Esta conciencia crítica frente a las normas del ambiente, aceptadas
en forma no crítica, y frente a las exigencias de las tendencias
del yo, naturalmente, existe primero en medida muy limitada y, en
principio, se alcanza siempre con lentitud, con una lentitud
gradualmente distinta en cada caso, puesto que la actitud y el
clima reflexivos dependen siempre de los conocimientos directos y
de las deciciones, que se transforman con el desarrollo progresivo
de la personalidad y nunca pueden quedar sometidos a una reflexión
plena. Debido a ello, una crítica actuación ética que se distancie
de una moral falta de crítica, en todos los casos sólo es posible
en una medida limitada y depende de la acuñación del desarrollo de
la personalidad.
Por lo menos hasta cierto grado, la ética implicada en el
«super-yo» señala a dicho desarrollo un cauce que dificulta las
tomas de posición genuinamente éticas, pues, sin fundamento, sólo a
causa de la educación, se atribuye un valor absoluto a determinadas
concepciones tradicionales (--> ética).
medida que el comportamiento contrario a ella se presente a su
autor como algo que, no sólo hace mala la acción particular, sino
que hace malo al hombre.
Únicamente cuando la maduración de la personalidad haya alcanzado
ese punto, se podrá hablar de una actuación moral cualificada. La
presuposición para ello es:
a) la experiencia subjetiva de la propia singularidad, la cual se
inicia generalmente por el confrontamiento con el despertar de la
-> sexualidad y con todos los fenómenos que lo acompañan;
b) el desarrollo de la capacidad crítica de distinción, basado en
la experiencia y en la enseñanza, en tal medida que se pueda
comprender la transcendencia de la acción para la propia vida y se
tenga capacidad de ponderar suficientemente, es decir,
esencialmente, la importancia definitiva para el futuro de las
relaciones con el mundo circundante.
c) una vinculación tan amplia a la dignidad de la persona, que ésta
sea reconocida como algo que debe ser respetado y amado por sí
mismo; pues ahora el joven, debido a una capacidad de amor que le
libera de la prisión en el yo, está en situación de comprender
suficientemente al otro en su subjetividad y en las exigencias que
ella comporta. Precisamente esta capacidad de distinción y sobre
todo esta capacidad de amor, por lo común, no se dan ya con el
final de la pubertad física, y no deberían ser precipitadamente
supuestas en los años jóvenes.
2. Bajo la perspectiva filosófica, podemos hablar de un a.m.

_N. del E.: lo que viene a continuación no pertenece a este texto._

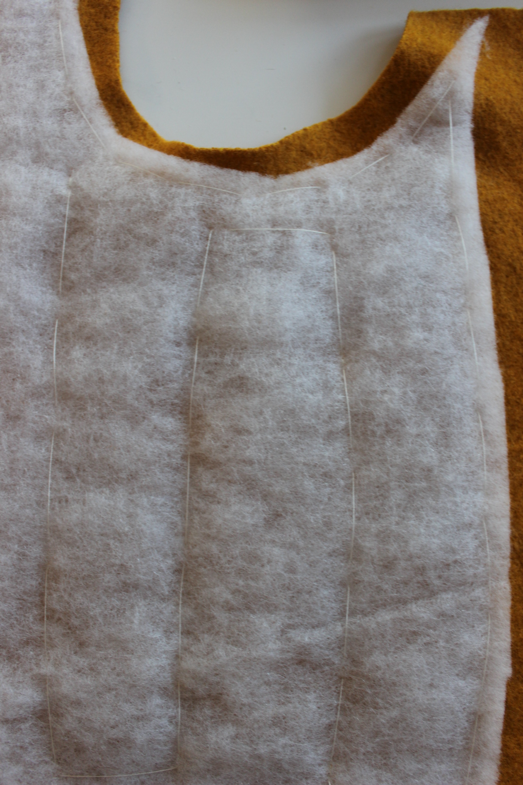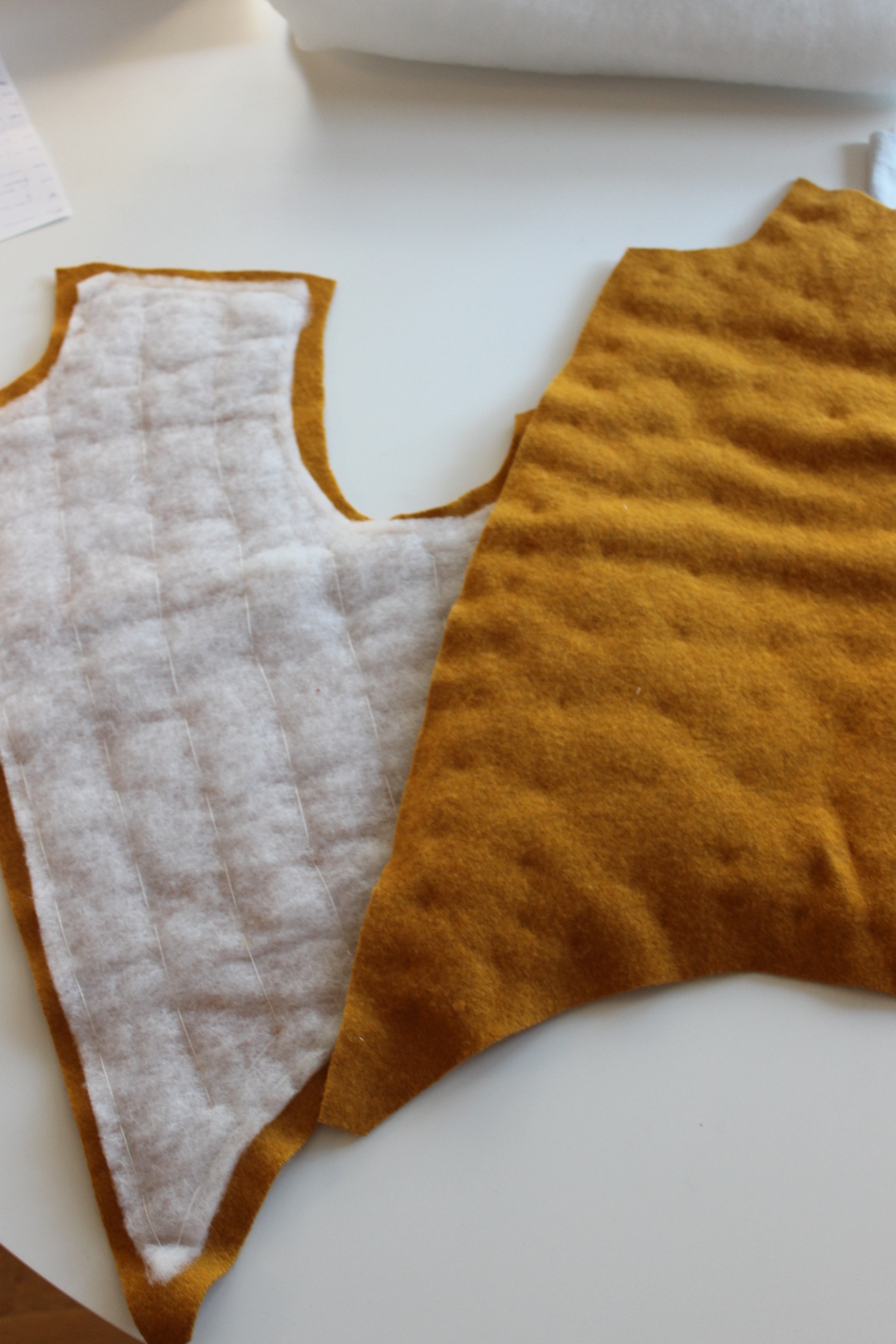 Then I cut and pad stitched wadding to the front pieces.IMG_2426Unfortanly the minimal stitches shows through as small dots on the outside.IMG_2428Close-up of the stitches.

cuando el hombre se realiza en su condición de -> persona
consciente por -->decisión libre y sintiendo la responsabilidad
ante él mismo y ante los otros (--> libertad). Según esto, para
que un a.m. tenga efecto debe haber conciencia y voluntad libre, y
éstas han de ser actualizadas en vistas al desarrollo de las
personas implicadas, entre las cuales se halla siempre la propia
persona. Lo cual debe hacerse sintiendo responsabilidad ante las
personas, ya que ellas pueden exigir respuesta y cuentas. Esto
significa que el a.m. es siempre: una toma de posición frente a la
norma transcendental de conducta; un perfeccionamiento y una
perfección; y, en armonía con eso, una incitación a la fe, la
esperanza y la caridad «metafísicas». Expresado de otra forma: el
a.m. según su estructura formal es bueno en la medida en que,
reconoce a Dios como sumo bien y por ello cree, confía en la
salvación de Dios y así espera, lo afirme como el sumo bien y así
lo ama.
Pero además es siempre un acto de -> esperanza. Y lo es porque
un acto consciente sólo puede hacer más perfecto o imperfecto a un
hombre en la medida en que se le presente como dotado o desprovisto
de sentido y, con ello, arbitrario. Esto, a su vez, solamente es
posible en la medida en que un comportamiento conforme con el ser
es reconocido como absolutamente obligatorio. Ahora bien, por un
lado, la conciencia del sentido del obrar es una presuposición
transcendental y necesaria para la operación consciente, pues la
acción consciente está necesariamente dirigida a un fin; y, por
otro lado, el reconocimiento del principio de que la actuación
dotada de sentido es la conforme con el ser constituye un acto
libre de esperanza, pues la prueba de la exactitud del
reconocimiento de ese principio sólo cabe esperarla del futuro, de
modo que es posible afirmarlo o negarlo libremente.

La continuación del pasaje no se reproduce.